> [WORK ORDER] Among the entries below, take the line with "恥ずかしいあだ名 | 『ユウライデラックス』『ユウリンリン』 |" and the line with "暴击喵,就是看中它必定暴击的效果,起点虽然低,个人以为比较有发展潜力。", and output them and every line between them exactly, with nothing else.

> [TASK INPUTS]
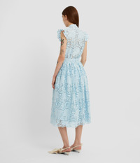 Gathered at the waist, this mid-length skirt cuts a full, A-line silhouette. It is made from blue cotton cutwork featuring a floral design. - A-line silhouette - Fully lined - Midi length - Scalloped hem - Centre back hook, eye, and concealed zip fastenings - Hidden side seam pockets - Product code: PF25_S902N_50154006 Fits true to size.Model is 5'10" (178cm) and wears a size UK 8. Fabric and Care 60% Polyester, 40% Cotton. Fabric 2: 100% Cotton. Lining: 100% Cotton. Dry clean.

---

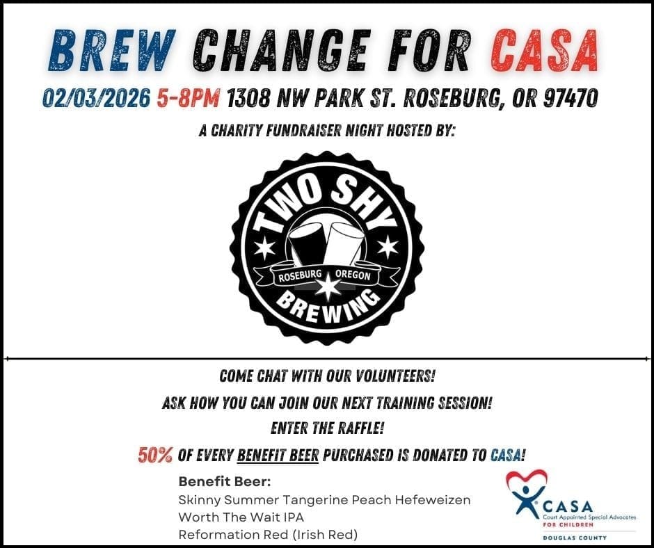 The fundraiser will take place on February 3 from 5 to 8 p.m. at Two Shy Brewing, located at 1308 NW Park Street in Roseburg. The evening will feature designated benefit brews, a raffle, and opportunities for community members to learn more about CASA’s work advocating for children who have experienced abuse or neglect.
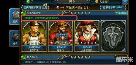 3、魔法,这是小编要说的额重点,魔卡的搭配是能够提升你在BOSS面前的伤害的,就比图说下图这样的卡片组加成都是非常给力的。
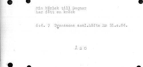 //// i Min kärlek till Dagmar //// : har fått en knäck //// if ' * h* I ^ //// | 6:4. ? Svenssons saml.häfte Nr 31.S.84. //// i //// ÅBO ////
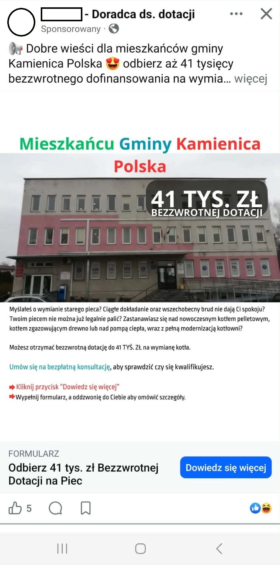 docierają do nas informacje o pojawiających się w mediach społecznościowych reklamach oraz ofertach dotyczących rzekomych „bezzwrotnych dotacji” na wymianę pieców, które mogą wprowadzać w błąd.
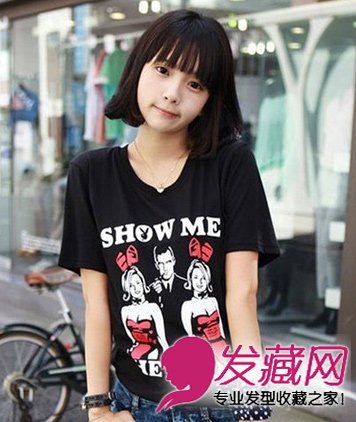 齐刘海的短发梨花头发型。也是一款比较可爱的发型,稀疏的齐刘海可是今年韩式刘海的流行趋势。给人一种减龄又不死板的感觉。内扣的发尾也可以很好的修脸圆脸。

---

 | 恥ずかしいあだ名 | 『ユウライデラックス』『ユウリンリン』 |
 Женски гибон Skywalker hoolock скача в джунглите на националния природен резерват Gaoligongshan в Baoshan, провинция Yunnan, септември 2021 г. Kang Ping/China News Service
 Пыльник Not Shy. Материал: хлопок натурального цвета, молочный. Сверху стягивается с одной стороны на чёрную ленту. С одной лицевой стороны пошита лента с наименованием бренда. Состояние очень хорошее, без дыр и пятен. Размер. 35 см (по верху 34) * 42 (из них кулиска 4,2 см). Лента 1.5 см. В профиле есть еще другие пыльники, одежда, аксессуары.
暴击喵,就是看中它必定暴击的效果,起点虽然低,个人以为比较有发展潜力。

> [ANSWER BOX]
 | 恥ずかしいあだ名 | 『ユウライデラックス』『ユウリンリン』 |
 Женски гибон Skywalker hoolock скача в джунглите на националния природен резерват Gaoligongshan в Baoshan, провинция Yunnan, септември 2021 г. Kang Ping/China News Service
 Пыльник Not Shy. Материал: хлопок натурального цвета, молочный. Сверху стягивается с одной стороны на чёрную ленту. С одной лицевой стороны пошита лента с наименованием бренда. Состояние очень хорошее, без дыр и пятен. Размер. 35 см (по верху 34) * 42 (из них кулиска 4,2 см). Лента 1.5 см. В профиле есть еще другие пыльники, одежда, аксессуары.
暴击喵,就是看中它必定暴击的效果,起点虽然低,个人以为比较有发展潜力。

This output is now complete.